Intestinal epithelial cells secrete exosome-like vesicles. The aim of this study was to characterise murine intestinal epithelial exosomes and to analyse their capacity to inform the immune system in vivo in mice.
Epithelial exosomes were obtained from the murine epithelial cell line MODE K incubated in the presence or absence of interferon gamma (IFN-gamma) together with pepsin/trypsin ovalbumin hydrolysate (hOVA) to mimic luminal digestion. Exosomes isolated from MODE K conditioned media (EXO-hOVA and EXO-hOVA-IFN) were characterised by western blot, peptide mapping, and mass spectrometry. They were injected intraperitoneally to C3H/HeN mice to test their immunocompetence.
MODE K epithelial exosomes displayed major histocompatibility complex (MHC) class I and class II (upregulated by IFN-gamma) molecules and tetraspan proteins (CD9, CD81, CD82) potentially involved in the binding to target cells. A33 antigen, an Ig-like molecule highly specific for intestinal epithelial cells, was enriched in exosomes and was also found in mice mesenteric lymph nodes, suggesting exosome migration towards the gut associated lymphoid tissues. Intraperitoneal injection of EXO-hOVA or EXO-hOVA-IFN did not induce humoral or cellular tolerance to OVA in mice. In contrast, exosomes obtained after incubation with IFN-gamma (EXO-hOVA-IFN), bearing abundant MHC class II/OVA complexes, induced a specific humoral immune response.

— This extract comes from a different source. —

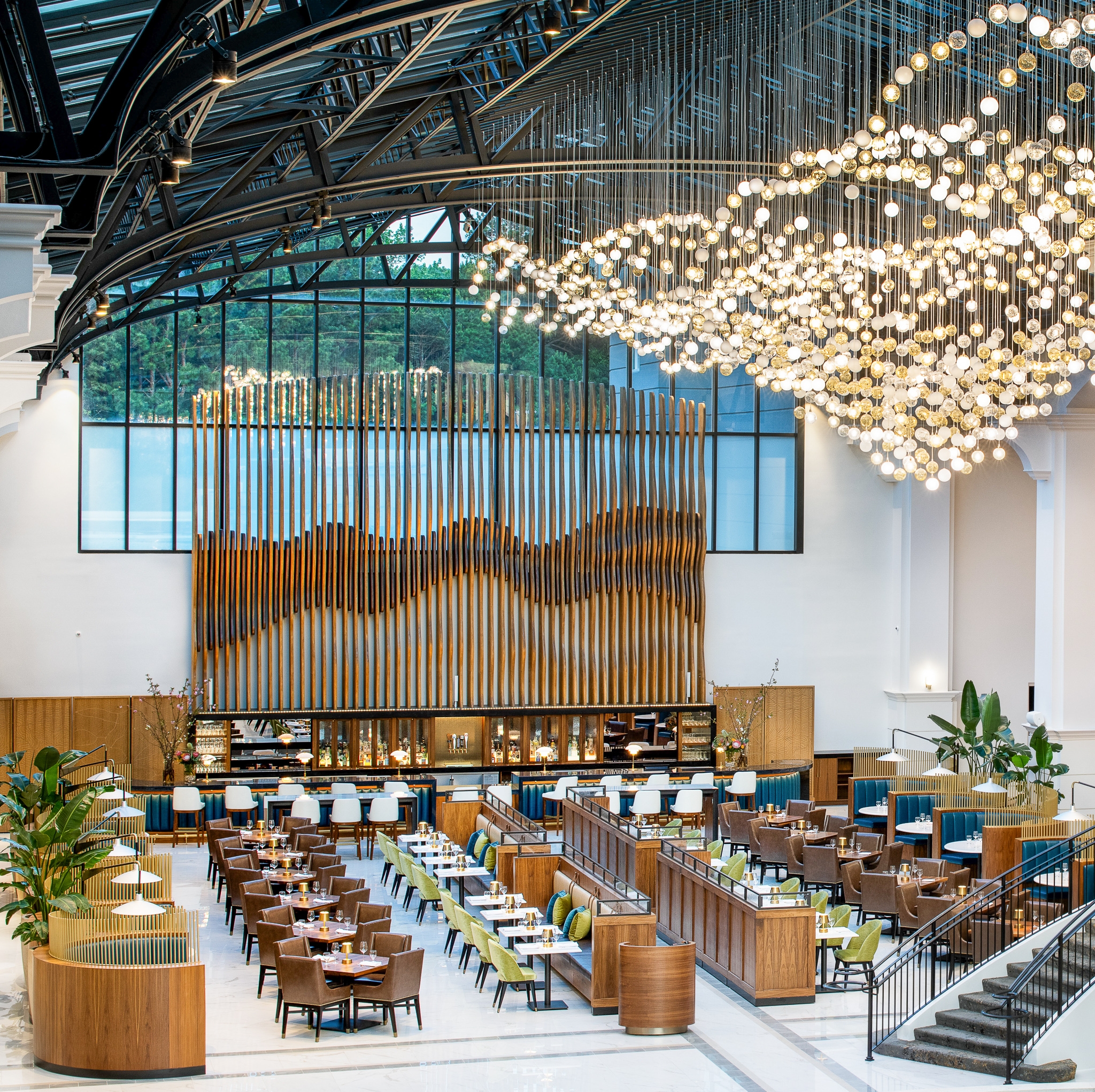 The hotel restaurant is the main anchor of the atrium, with a 45-foot wood sculpture by a local artist, rising above the newly introduced hotel bar. The sculpture is an abstract interpretation of the area: the rolling foothills of the Appalachians. Banquettes, that appear to be built in, are actually movable to allow the space to be used for large events. The sports bar was rebranded and modelled after an old-world library and game room pulling the rich horse farm history of the area.

Epithelial exosomes are antigen presenting vesicles bearing MHC class II/peptide complexes that prime for an immunogenic rather than tolerogenic response in the context of a systemic challenge. In the intestine, both the mucosal microenvironment and local effector cells are probably key players in determining the outcome of the immune response to exosome derived epitopes.
肠道上皮细胞分泌外泌体样囊泡。本研究的目的是对小鼠肠道上皮外泌体进行表征,并分析其在小鼠体内影响免疫系统的能力。

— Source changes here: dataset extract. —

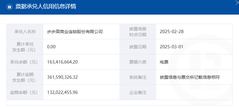 其中,步步高商业连锁股份有限公司承兑余额163416664.20元,累计逾期发生额361590326.32元,逾期余额132022455.96元,披露信息时点日期为2025年2月28日,披露日期为2025年3月1日。
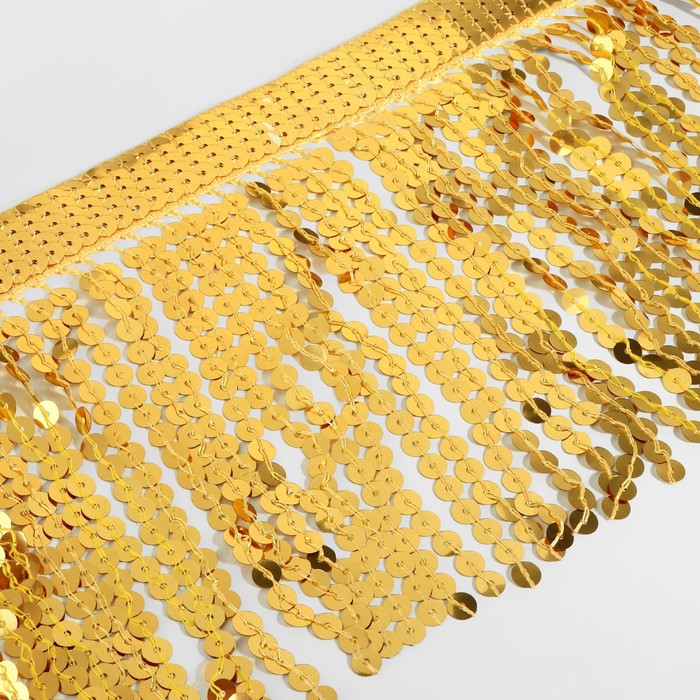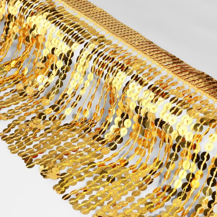 Тесьма с пайетками «Бахрома», d=6 мм, 16 см, 4.5±0.5 м, цвет золотой 3 фото

上皮外泌体从在有或无干扰素γ(IFN-γ)存在的情况下培养的小鼠上皮细胞系MODE K中获得,同时加入胃蛋白酶/胰蛋白酶卵清蛋白水解物(hOVA)以模拟腔内消化。从MODE K条件培养基中分离的外泌体(EXO-hOVA和EXO-hOVA-IFN)通过蛋白质印迹、肽图谱分析和质谱进行表征。将它们腹腔注射到C3H/HeN小鼠体内以测试其免疫活性。

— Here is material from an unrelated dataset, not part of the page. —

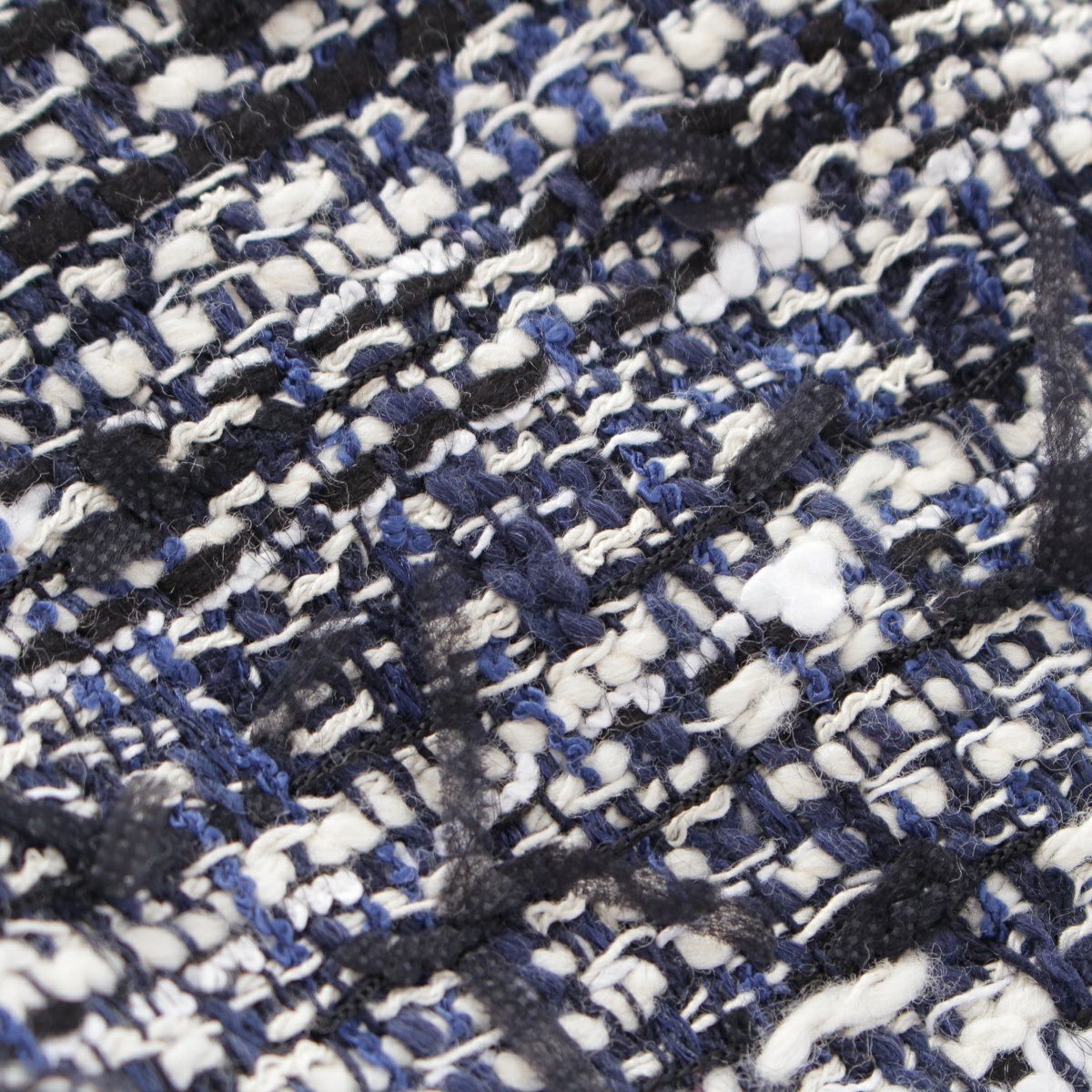 ドゥロワー 23SS コットン ファンシー ツイード ノーカラージャケット 6522-234-0756 ネイビー ホワイト 36

MODE K上皮外泌体展示了主要组织相容性复合体(MHC)I类和II类(由IFN-γ上调)分子以及可能参与与靶细胞结合的四跨膜蛋白(CD9、CD81、CD82)。A33抗原是一种对肠道上皮细胞高度特异的免疫球蛋白样分子,在外泌体中富集,并且也在小鼠肠系膜淋巴结中发现,表明外泌体向肠道相关淋巴组织迁移。腹腔注射EXO-hOVA或EXO-hOVA-IFN未在小鼠中诱导对OVA的体液或细胞耐受。相反,与IFN-γ孵育后获得的外泌体(EXO-hOVA-IFN)携带丰富的MHC II类/OVA复合物,诱导了特异性体液免疫反应。
上皮外泌体是携带MHC II类/肽复合物的抗原呈递囊泡,在全身刺激的情况下引发免疫原性而非耐受性反应。在肠道中,黏膜微环境和局部效应细胞可能是决定对外泌体衍生表位免疫反应结果的关键因素。